The evolution of human language was once thought to have hinged on changes to a single gene that were so beneficial that they raced through ancient human populations. But an analysis now suggests that this gene, FOXP2, did not undergo changes in Homo sapiens’ recent history after all — and that previous findings might simply have been false signals.
What is the FOXP2?
FOXP2 is one of the most famous genes to be discovered because of its role in language. It is highly expressed during brain development and regulates some muscle movements, aiding in language production. Though found in all animals, a slight change in the composition of the gene in humans makes it possible for us to have speech. Those with a malfunctioning FOXP2 have been found to have severe speech defects. FOXP2 has also been shown to regulate language-like behaviours in mice and songbirds.
Over the years, its presence has also been used to bolster the theory of natural selection: how a gene that helps a species continues to linger over generations.
However, a recent study contests this. An analysis of genetic data from a diverse sample of modern people and Neanderthals saw no evidence for recent, human-specific selection of FOXP2 and revises the history of how we think humans acquired language.
“The situation’s a lot more complicated than the very clean story that has been making it into textbooks all this time,” says Elizabeth Atkinson, a population geneticist at the Broad Institute of Harvard and MIT in Cambridge, Massachusetts, and a co-author of the paper, which was published on 2 August in Cell1.
Originally discovered in a family who had a history of profound speech and language disorders, FOXP2 was the first gene found to be involved in language production2. Later research touted its importance to the evolution of human language.
A key 2002 paper found that humans carry two mutations to FOXP2 not found in any other primates. When the researchers looked at genetic variation surrounding these mutations, they found the signature of a ‘selective sweep’ — in which a beneficial mutation quickly becomes common across a population. This change to FOXP2 seemed to have happened in the past 200,000 years, the team reported in Nature. The paper has been cited hundreds of times in the scientific literature.
The idea that uniquely human changes to FOXP2 led to language development has not gone unchallenged. One study found that Neanderthals carried the same mutations. This suggested that the modifications to FOXP2 happened before the two groups split, more than half a million years ago.
Despite such questions, the 2002 study has never been repeated. It was based on the genomes of only 20 individuals, including just a handful of people of African ancestry, says Atkinson: most came from Europe, Asia and other regions. She and her team have now re-examined the gene’s evolutionary history using a larger data set and a more diverse population.
They found that the signal that had looked like a selective sweep in the 2002 study was probably a statistical artefact caused by lumping Africans together with Eurasians and other populations. With more — and more varied — genomes to study, the team was able to look for a selective sweep in FOXP2, separately, in Africans and non-Africans — but found no evidence in either.
“It’s good that it is now clear there is actually no sweep signal at FOXP2,” says evolutionary geneticist Wolfgang Enard of Ludwig Maximilian University of Munich in Germany, who was a co-author of the 2002 study.

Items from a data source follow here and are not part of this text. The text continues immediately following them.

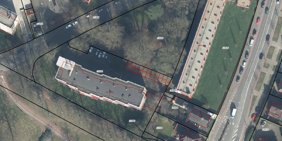 Het perceel waarop het adres ligt is ESD00-D-13182. De afkorting 'ESD00' staat voor kadastrale gemeente Enschede. De oppervlakte van het perceel is 3615 m². Dat is groter dan gemiddeld in Enschede, waar de gemiddelde perceeloppervlakte op 548,14 m² ligt. Het grootste perceel in de kadastrale gemeente is 10,7 ha. Het kleinste perceel heeft een oppervlakte van 0 m². Op het perceel liggen in totaal 68 adressen. In de Basisregistratie Kadaster (BRK) werden de grenzen van het perceel geregistreerd op 02-10-2000.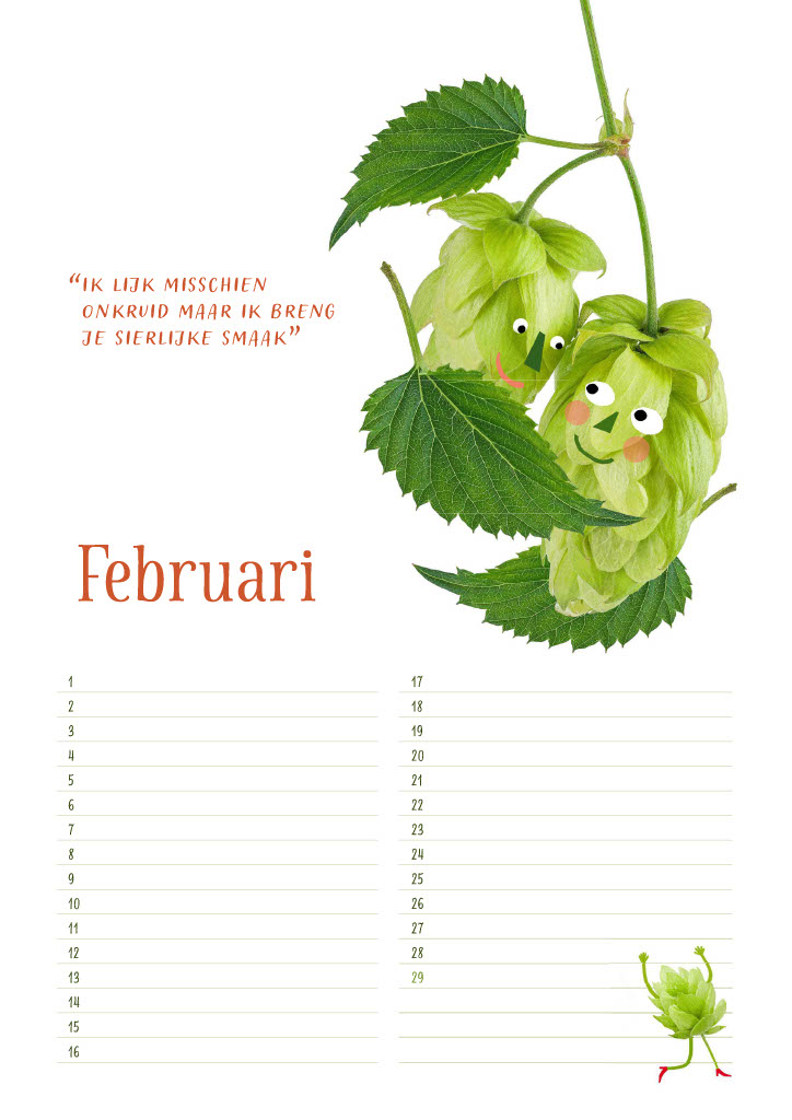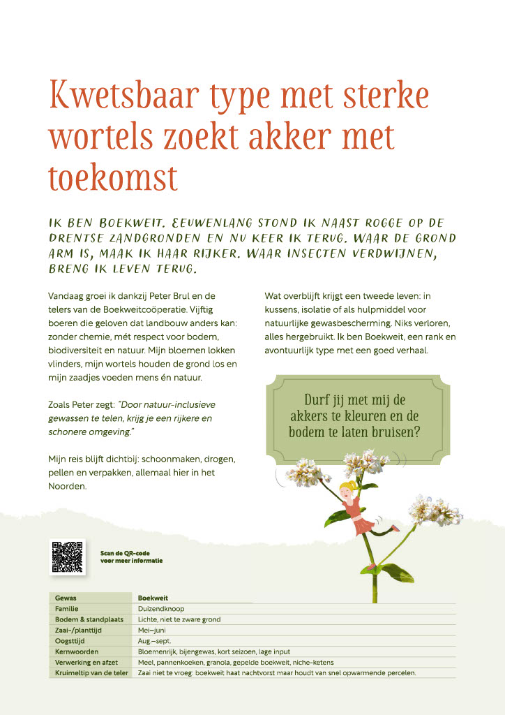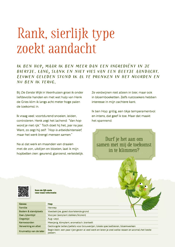 Elke maand speelt een gewas de hoofdrol. Met op de voorkant een prachtige illustratie en op de achterkant een ‘gewas-contactadvertentie’ vol persoonlijkheid en praktische info. Denk aan zaaiperiodes, oogsttijden, toepassingen en een QR-code die je zo naar de wereld van de teler en het product leidt.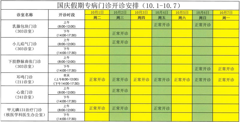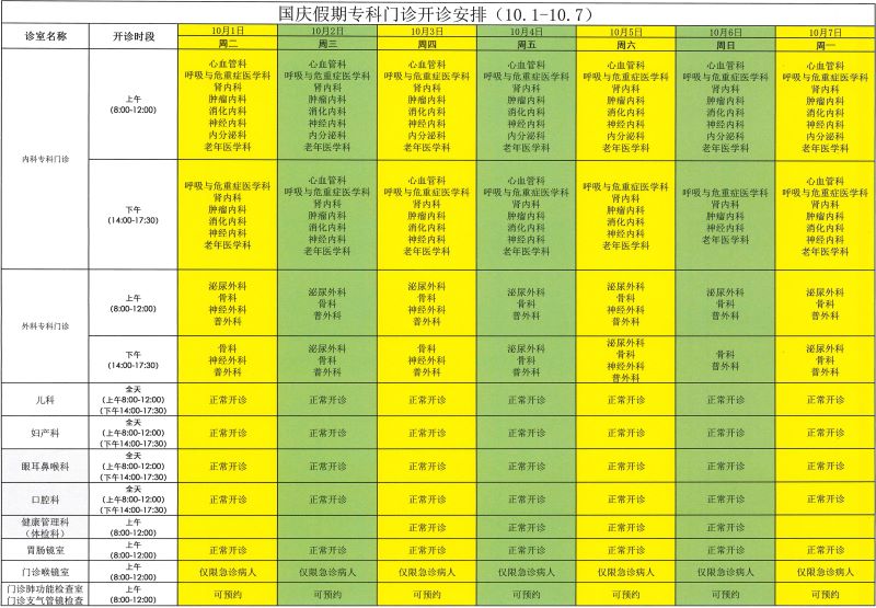 国庆节专科门诊开诊安排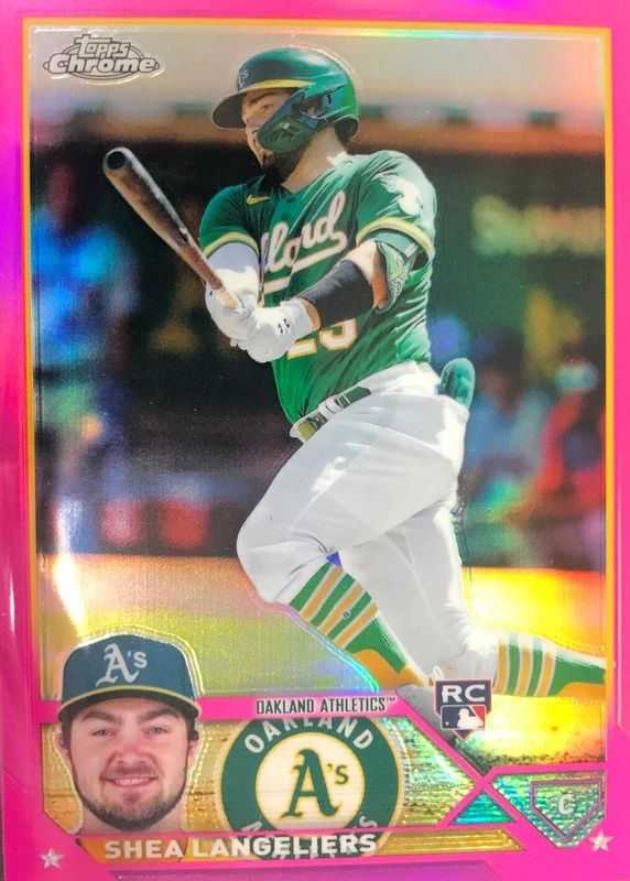 SHEA LANGELIERS 2023 TOPPS CHROME PINK REFRACTOR RC OAKLAND ATHLETICS #175
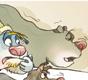 Para curarle la caries le limpió bien la muela con un aparato que daba vueltas a toda velocidad (chupar los labios con la lengua haciendo círculos en un sentido y en otro) y encima le echó una pasta para tapar el agujero. el cocodrilo, que ya se sentía mejor, le dio las gracias a la doctora y la llenó de besos (lanzar besos).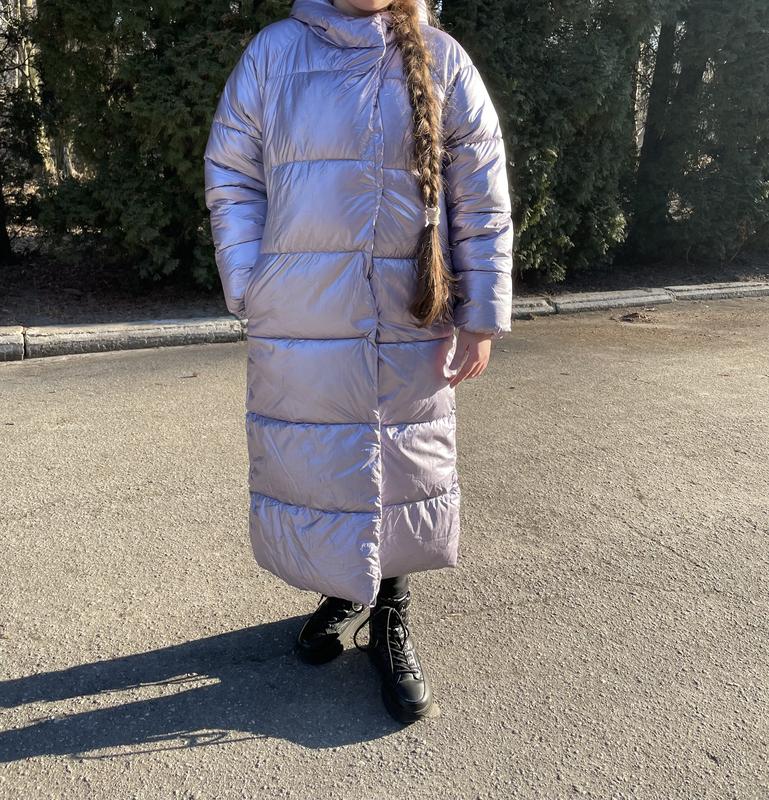 Теплий пуховик на дівчинку. Зріст 152см. Стан ідеальний. Один нюанс з внутрішньої сторони.На фото .

Even if there was no recent evolution of FOXP2, there is still plenty of evidence that the gene is involved in language, says Simon Fisher, director of the Max Planck Institute for Psycholinguistics in Nijmegen, the Netherlands, and a coauthor of the 2002 study. Mutations in FOXP2 cause language disorders in humans, and in mice the gene is important for vocalizations and movement — both functions that are crucial to human speech.
Language is complicated, and was never going to be explained by a single mutation in modern humans, Fisher adds. “We need to embrace more-complex accounts that involve changes of multiple genes. In that sense, FOXP2 was only ever going to be one piece of a complex puzzle.”
Brenna Henn, senior author of the latest paper and a population geneticist at the University of California, Davis, is now keen to revisit other genes that have been considered important to human evolution, such as one called Microcephalin, which has been linked to brain development. She worries that an over-reliance on small data sets has skewed our understanding of what makes humans unique.
“If you’re asking a question about the evolution of humans as a species,” says Atkinson, “you really do need to include a diverse set of people.”